Task objective:
Give the lines again exactly as they appear below, from the line with "Jim observed debris" to the line with "AP Images Bill Lee", both included, and only those lines. Leave every picture out.

Given records:
_ _ _ _ _ _ _
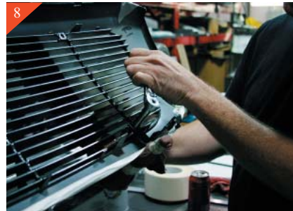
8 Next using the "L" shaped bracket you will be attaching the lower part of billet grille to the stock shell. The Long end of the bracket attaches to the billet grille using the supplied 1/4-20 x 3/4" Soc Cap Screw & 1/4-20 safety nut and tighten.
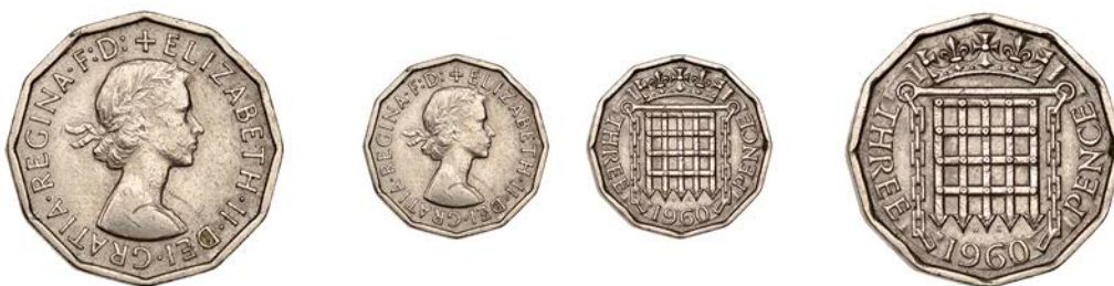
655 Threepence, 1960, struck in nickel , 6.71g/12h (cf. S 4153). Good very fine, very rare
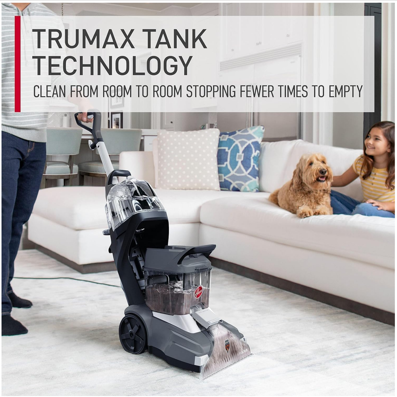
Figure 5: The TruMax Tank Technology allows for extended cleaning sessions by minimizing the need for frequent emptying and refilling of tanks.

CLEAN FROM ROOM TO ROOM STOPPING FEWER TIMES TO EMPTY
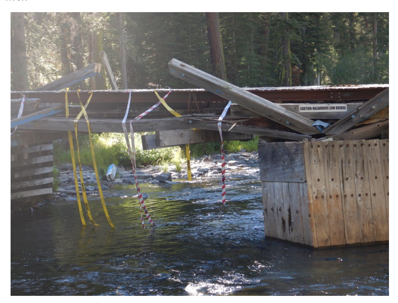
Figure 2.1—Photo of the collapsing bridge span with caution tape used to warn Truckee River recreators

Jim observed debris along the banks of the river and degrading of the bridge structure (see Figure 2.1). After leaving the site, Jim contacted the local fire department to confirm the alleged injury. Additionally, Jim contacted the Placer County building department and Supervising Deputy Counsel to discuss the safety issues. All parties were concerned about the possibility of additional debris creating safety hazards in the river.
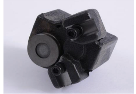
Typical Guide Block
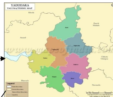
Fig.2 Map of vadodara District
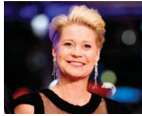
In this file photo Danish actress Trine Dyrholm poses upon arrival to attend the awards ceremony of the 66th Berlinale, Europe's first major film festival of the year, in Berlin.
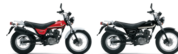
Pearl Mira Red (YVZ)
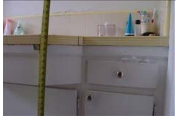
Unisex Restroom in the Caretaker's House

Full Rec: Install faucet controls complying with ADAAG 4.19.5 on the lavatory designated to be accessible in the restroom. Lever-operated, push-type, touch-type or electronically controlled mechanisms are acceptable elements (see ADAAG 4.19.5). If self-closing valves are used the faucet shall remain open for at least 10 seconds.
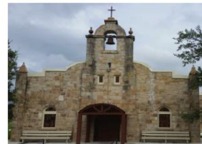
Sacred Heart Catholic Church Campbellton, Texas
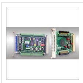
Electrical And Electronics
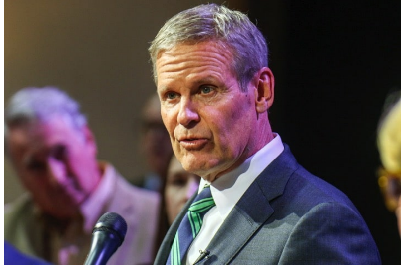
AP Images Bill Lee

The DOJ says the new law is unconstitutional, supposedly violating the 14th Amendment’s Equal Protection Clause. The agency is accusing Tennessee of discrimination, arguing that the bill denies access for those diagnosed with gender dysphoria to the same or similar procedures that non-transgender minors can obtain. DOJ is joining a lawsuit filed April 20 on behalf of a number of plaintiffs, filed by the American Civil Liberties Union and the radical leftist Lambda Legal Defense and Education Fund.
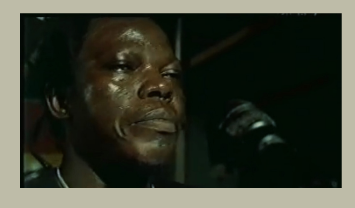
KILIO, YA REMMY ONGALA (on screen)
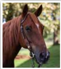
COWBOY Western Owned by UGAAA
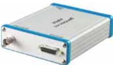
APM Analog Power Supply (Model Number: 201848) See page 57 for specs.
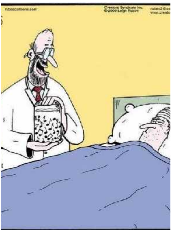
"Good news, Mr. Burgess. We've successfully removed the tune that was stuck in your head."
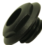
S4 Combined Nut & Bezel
_ _ _ _ _ _ _
Your solution:
Jim observed debris along the banks of the river and degrading of the bridge structure (see Figure 2.1). After leaving the site, Jim contacted the local fire department to confirm the alleged injury. Additionally, Jim contacted the Placer County building department and Supervising Deputy Counsel to discuss the safety issues. All parties were concerned about the possibility of additional debris creating safety hazards in the river.
Typical Guide Block
Fig.2 Map of vadodara District
In this file photo Danish actress Trine Dyrholm poses upon arrival to attend the awards ceremony of the 66th Berlinale, Europe's first major film festival of the year, in Berlin.
Pearl Mira Red (YVZ)
Unisex Restroom in the Caretaker's House

Full Rec: Install faucet controls complying with ADAAG 4.19.5 on the lavatory designated to be accessible in the restroom. Lever-operated, push-type, touch-type or electronically controlled mechanisms are acceptable elements (see ADAAG 4.19.5). If self-closing valves are used the faucet shall remain open for at least 10 seconds.
Sacred Heart Catholic Church Campbellton, Texas
Electrical And Electronics
AP Images Bill Lee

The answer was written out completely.